Anita Halpin, chairperson of the Communist Party of Britain and treasurer of the National Union of Journalists is in the money:
In the last few months, unbeknown to friends and colleagues, Ms Halpin has inherited one of the most important expressionist German paintings. Yesterday, it was sold for £20.5m.
Ms Luxembourg told the Guardian: “It’s one of Kirchner’s best ever works. Without the restitution claim, the probability of such a work arriving on the market is absolutely zero. There is no other painting like this in the work of Kirchner – it’s so rare. The quality and rarity of it are what justify the price. When you buy a work like this, you are buying a museum piece, part of the cultural heritage of a country.”
Ernst Ludwig Kirchner’s Berlin Street Scene, a vivid vision of the claustrophobic, anxiety-inducing ebb and flow of urban life in 1913, was bought from Ms Halpin by art consultant Daniella Luxembourg on behalf of the Neue Galerie, New York.
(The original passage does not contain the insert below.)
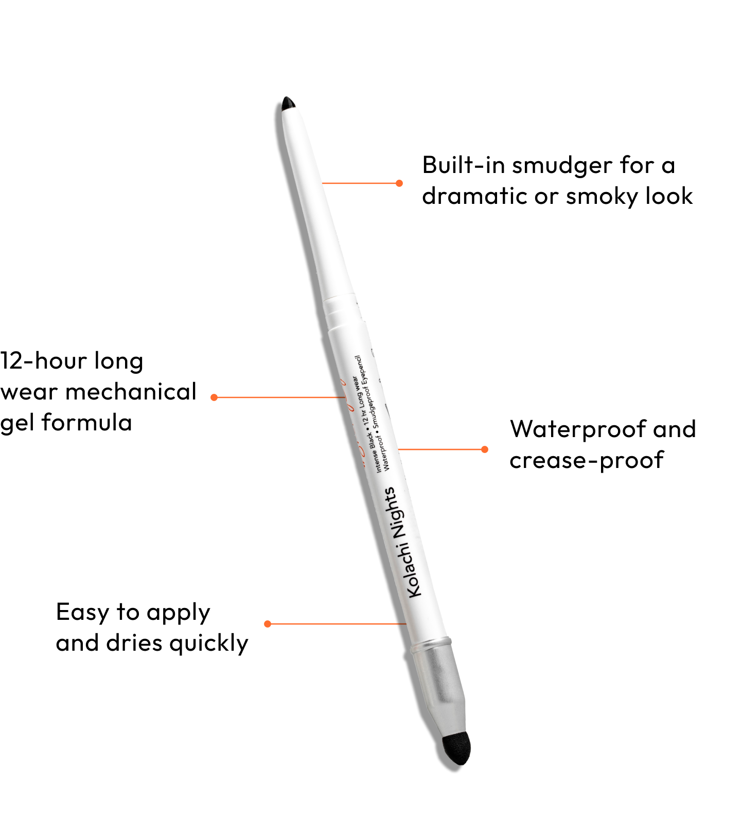 Inspired by traditional makeup used in South Asia called Kajal, Kolachi Nights Intense Gel Eyeliner in a deep black shade is your ultimate tool for long-lasting, waterproof, smudge-proof, stunning eye makeup for everyday wear.
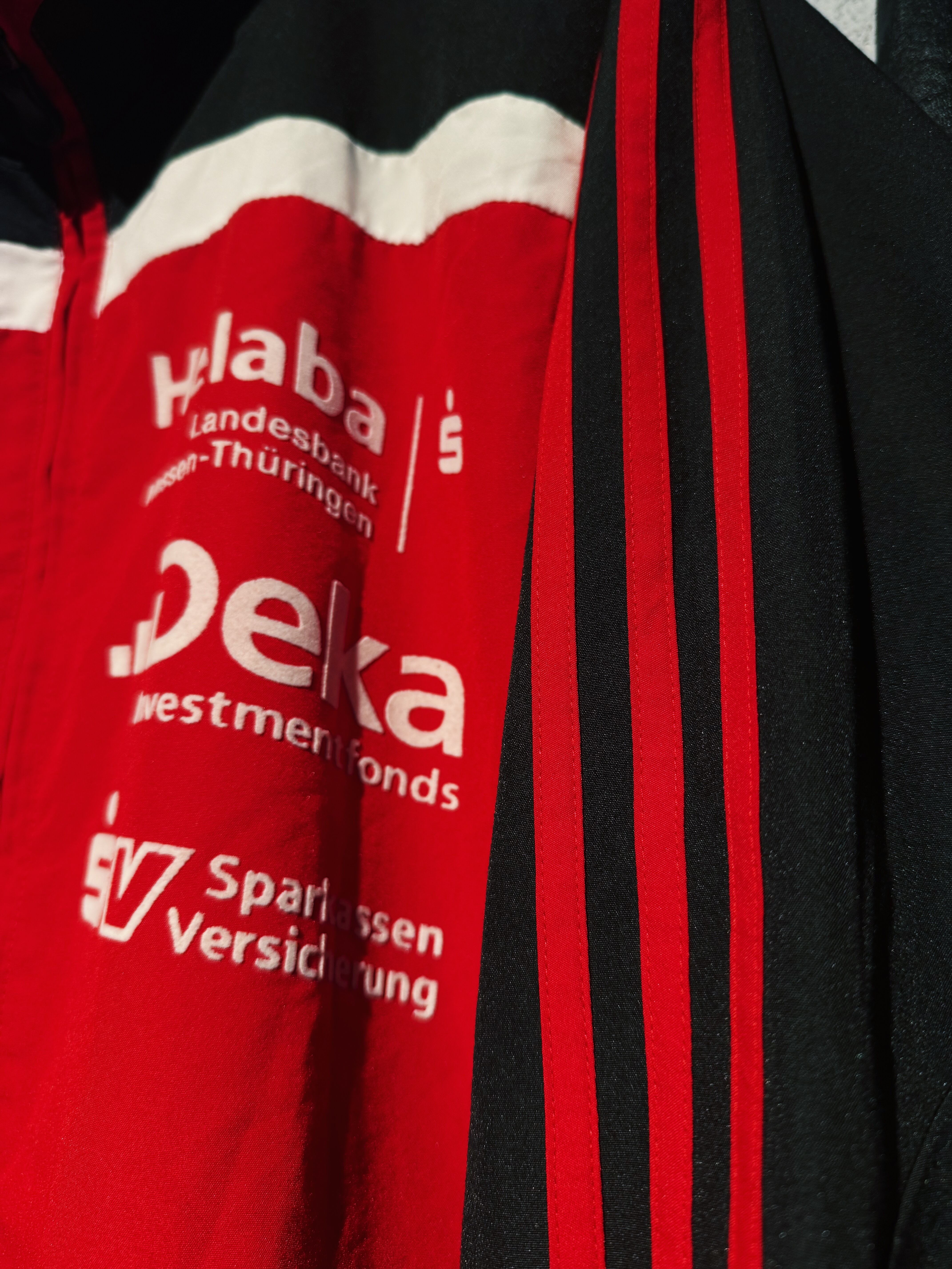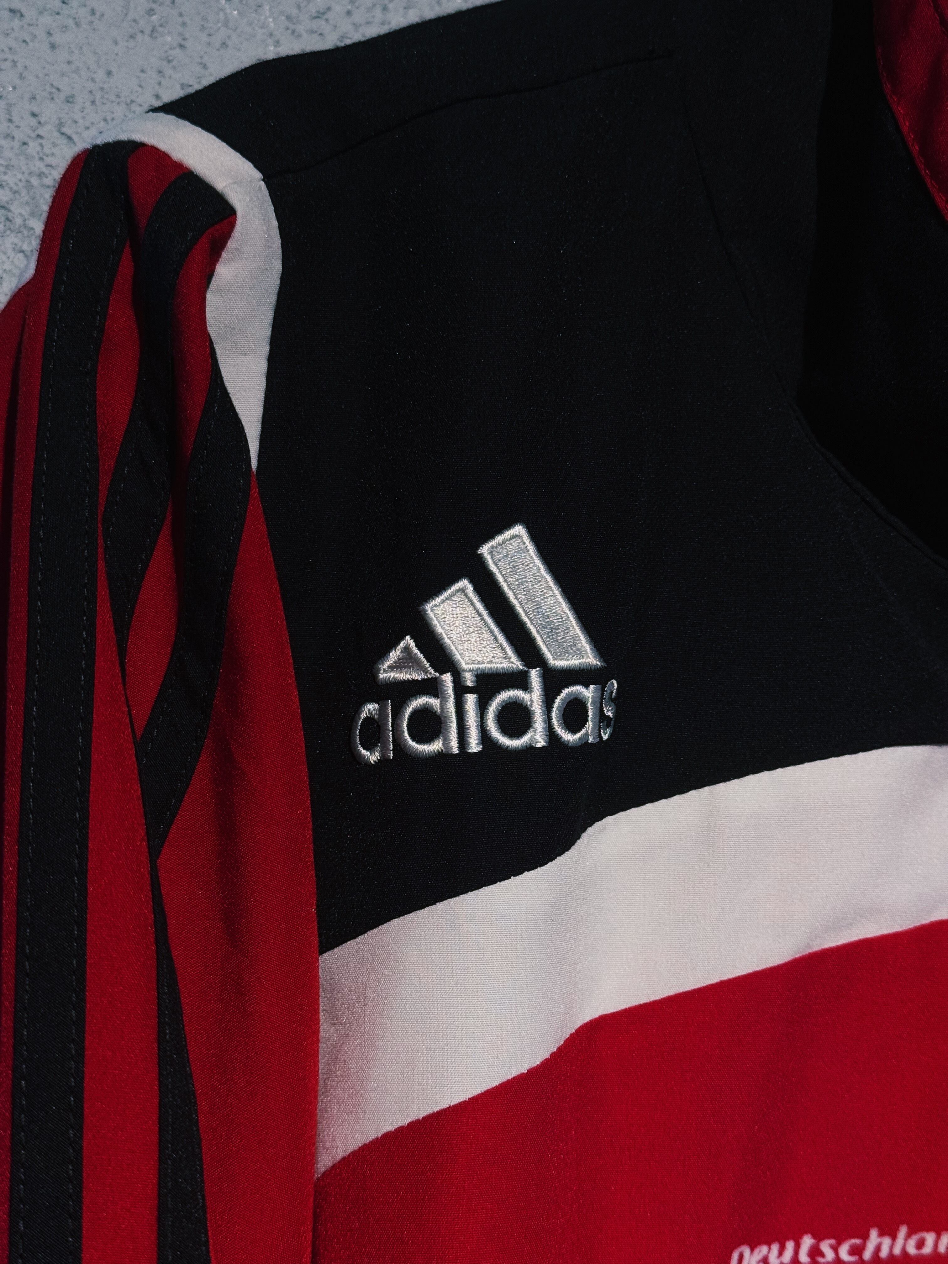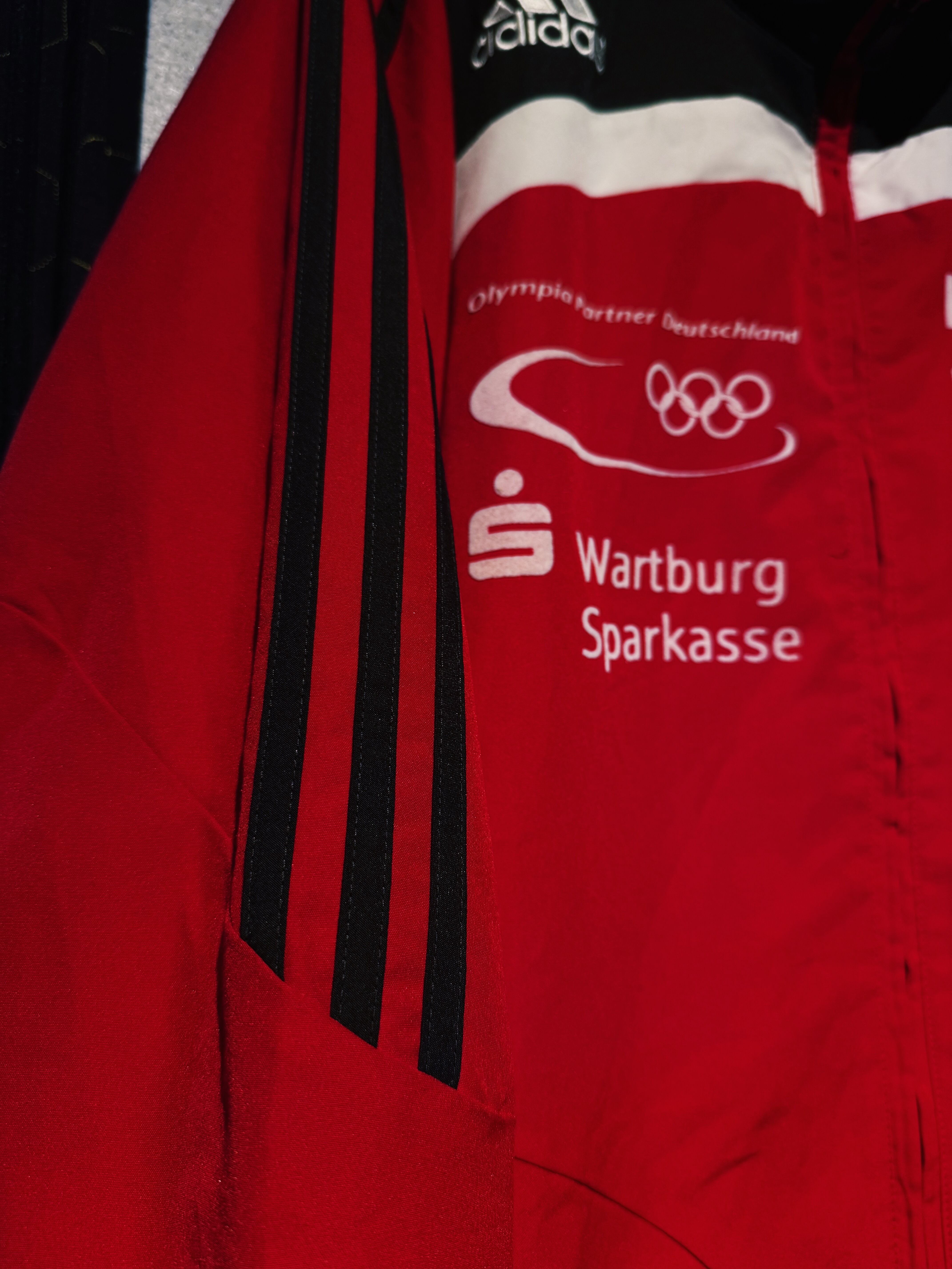 レッドカラーメインでブラックという間違いなくかっこいいカラーリングのトラックジャケット。今回はオリンピックや他の企業などのワッペンが施された特別仕様の極上の1着。

Eat your heart out Graham.
Halpin’s grandmother had been forced to hand over the painting to the Nazis in 1936:
In an signed affidavit from 1958, she stated: “During the late evening hours, two agents of the secret police from Nuremberg, coerced me under threat to have the pictures in the Hess collection … returned to Germany immediately. Even though I understood fully that this threat could result in the complete loss of the entire collection, I had no choice other than to give into the pressure being exerted by this all-powerful agency of the government in the hope that my own life and that of my family would not be further jeopardised.”
There was no indication from Ms Halpin’s Communist Party of Britain colleagues at their headquarters in Croydon yesterday as to how the proceeds from the sale of the Kirchner might be distributed.
Would readers hand over the proceeds to the comrades or arrive at the next party meeting in a diamond-studded cape?
Update: By eery coincidence Slate magazine has just asked various American commentators how they would give away a million Dollars.
Here’s the suggestion of the author of the highly recommended ‘Terror and Liberalism’:
If I had a million dollars, which I don’t, I would give it to a little cluster of political and intellectual projects in Britain whose purpose is to renovate the liberal left with new ideas. The people working on these projects are best known for having produced a document called the Euston Manifesto, which was composed in a bar near the Euston station of the London metro. (If these people had a million dollars, they wouldn’t have to compose their manifestos in bars—they would be able to rent a proper office for themselves.) Their online journal, Democratiya, has become, by my lights, the liveliest and most stimulating new intellectual journal on political themes in the English-speaking world—certainly the liveliest new thing to appear on the English-speaking left in a good long time. Their project Engage has rather bravely taken up the challenge of arguing against the slightly demented anti-Zionism that appears to have apparently overrun whole regions of British intellectual life. And people from the same group put out a couple of vigorous blogs as well: Harry’s Place and Normblog.
Thanks Paul. Keep buying these lottery tickets.